■ **WHAT TO PRODUCE**
Please copy out the full listing that follows exactly; no picture belongs in the copy.

■ **DATA SECTION**
------------------------------------
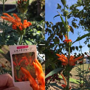 ‘レオノチス’ が咲き出しました🧡🧡 別名 ライオンズ イヤー シソ科 花期 10〜11月 草丈 2m (切り詰めOK) 常緑宿根草 耐寒温度 0 度 霜除け セージのつもりでいたのですが、ちょっと変わっていますね😊 メキシカンセージのように、放射状に長くなるようです。 昨年地植え、防寒対策をして冬越し、一年後にやっと花が見られました🧡🦁👂🧡 🌟遅くなりましたが、はじめての「みどりのまとめ」 国営ひたち海浜公園のみはらしの丘のコキア❤️🎶を投稿しましたのでご覧になってください🙏
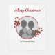 Festive round photo template design featuring Destei's original illustration of two red and white striped Christmas candy cane treats decorated with a red bow and a Christmas holly / Common holly plant. The photo is framed by a red color border. There are also two personalizable text areas.
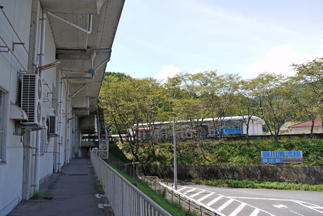 新岩国駅から線路下を4分あるくと,錦川鉄道錦川清流線の御庄駅がある.巨大な新幹線のホームと一両編成のレールバスのホームの対比がおもしろい.ちょうど列車があればここから列車で岩国まで行くのも良いと思う.
------------------------------------
■ **OUTPUT BELOW**
 ‘レオノチス’ が咲き出しました🧡🧡 別名 ライオンズ イヤー シソ科 花期 10〜11月 草丈 2m (切り詰めOK) 常緑宿根草 耐寒温度 0 度 霜除け セージのつもりでいたのですが、ちょっと変わっていますね😊 メキシカンセージのように、放射状に長くなるようです。 昨年地植え、防寒対策をして冬越し、一年後にやっと花が見られました🧡🦁👂🧡 🌟遅くなりましたが、はじめての「みどりのまとめ」 国営ひたち海浜公園のみはらしの丘のコキア❤️🎶を投稿しましたのでご覧になってください🙏
 Festive round photo template design featuring Destei's original illustration of two red and white striped Christmas candy cane treats decorated with a red bow and a Christmas holly / Common holly plant. The photo is framed by a red color border. There are also two personalizable text areas.
 新岩国駅から線路下を4分あるくと,錦川鉄道錦川清流線の御庄駅がある.巨大な新幹線のホームと一両編成のレールバスのホームの対比がおもしろい.ちょうど列車があればここから列車で岩国まで行くのも良いと思う.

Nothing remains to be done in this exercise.